Sad jaskier

by Izzy2004



Category: Wiedźmin | The Witcher - All Media Types
Genre: Angst, Geralt z Rivii | Geralt of Rivia Loves Jaskier | Dandelion, Homophobia, Internalized Homophobia, M/M, Mentioned Yennefer z Vengerbergu | Yennefer of Vengerberg, POV Jaskier | Dandelion, Sad, Sad Ending, Sad Jaskier | Dandelion, Soft Jaskier | Dandelion
Language: English
Status: Completed
Published: 2020-01-31
Updated: 2020-01-31
Packaged: 2021-02-27 15:04:29
Rating: Teen And Up Audiences
Warnings: No Archive Warnings Apply
Chapters: 1
Words: 528
Publisher: archiveofourown.org
Story URL: https://archiveofourown.org/works/22489066
Author URL: https://archiveofourown.org/users/Izzy2004/pseuds/Izzy2004
Summary: Jaskier see's Geralt and Yennefer hooking up in Rinde . This is all his thoughts during then.
Relationships: Geralt z Rivii | Geralt of Rivia & Jaskier | Dandelion, Geralt z Rivii | Geralt of Rivia/Jaskier | Dandelion
Comments: 2
Kudos: 72





	Sad jaskier

**Author's Note:**

> This is just a little something i thought about, It interesting to write his POV. Hope you guys like it

Geralt of Rivia was what i like to call perfect. I felt so many emotions thinking about him. I loved him for so long, Since I've met him, i have loved him. Constantly going with him, being there for whenever he needed me. Writing song's about the Great White Wolf so people would tolerate us. Love us even, I tried so hard to make him likable to the public. Even going on wild adventures to get his side to make great music. I fell in love, even though he doesn't talk much, even though he's a little rough around the edges. I smile and I watch his back and it moves while hes riding roach. I loved this man and I don't think i'll ever stop.

At least this is what i thought before we met Yennefer of Vegerberg. She was everything of course Geralt wanted. She was pure chaos and she looked so good as pure chaos. She was so strong and wild and perfect for Geralt. Just where does that leave Jaskier aka Dandelion? I was sitting here watching them fuck. Which was interesting, even possibly entertaining at first. Then it all comes back to me, How i wish it was me on top of Geralt right now. I wish i was the one feeling his calloused hands and hearing his heavy breathing, But no im jaskier there's no way he'd love me. 

If he did love me this isn't really the way to show it. I'm baffled honestly, Should i be upset that Geralt is with someone else right in front of me, or should i be happy that Geralt finally found someone to understand him like i never could. I just don't even know anymore, I turned to walk away. At first i was just gonna walk to roach and the wait for Geralt, But then i started walking and i didn't stop, the farther and farther i got from Rinde. The more it hit me, That i would probably start hearing stories about The White Wolf and his Beautiful witch. It hurt, but i would not cry, for men don't cry.

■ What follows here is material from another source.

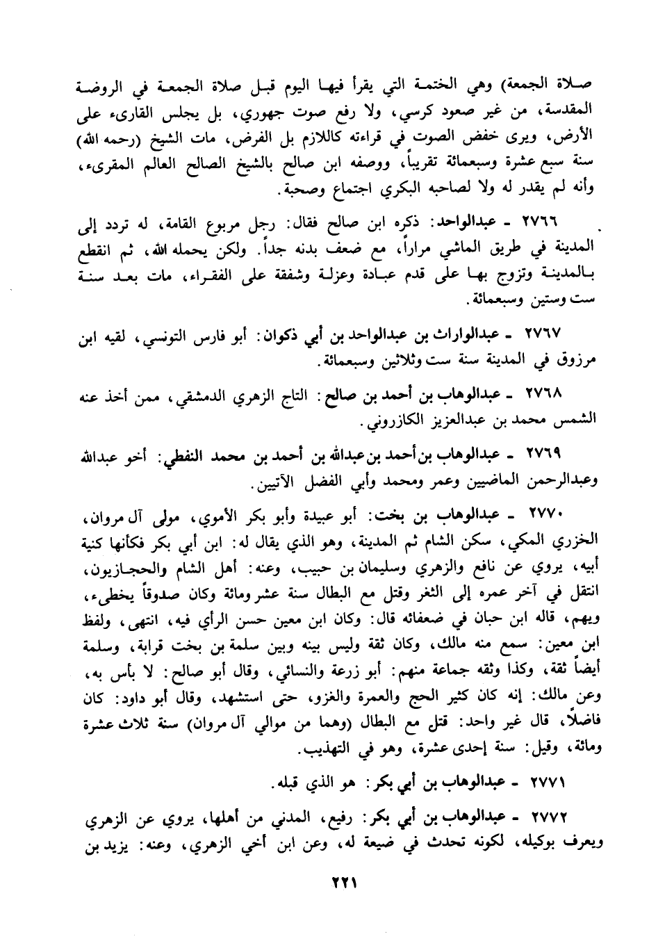 2772 - عبد الوهاب بن أبي بكر: رفيع المدني من أهلها يروي عن الزهري ويعرف بوكيله لكونه تحدث في ضيعة له وعن ابن أخي الزهري وعنه: يزيد بن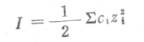 式中,I代表溶液的离子浓度;c是离子的量浓度;z是离子的电荷数.

I guess men aren't supposed to love men either, That's at least what I’ve been told since childhood. But here i was loving a man and running away, oh if my mother could see me now. I guess most people assume i like men as much as women considering they call me Dandelion. That name has been the butt of the joke about my sexuality for ages. Maybe Geralt thinks this way too, Maybe that's why he chose Yennefer. Though i don't think he would be bothered by such mundane things. I know why he chose Yennefer, because shes perfect in every way i could never be. Yennefer was a fire that could never be put out. Finally a tear fell, just one that's all i'll allow. I took a deep breath and decided that i wasn't going to get anywhere if i kept chasing Geralt. I've decided to go do my own things, possibly drink and fuck and anything else so i never have to think about Geralt of Rivia again.


End file.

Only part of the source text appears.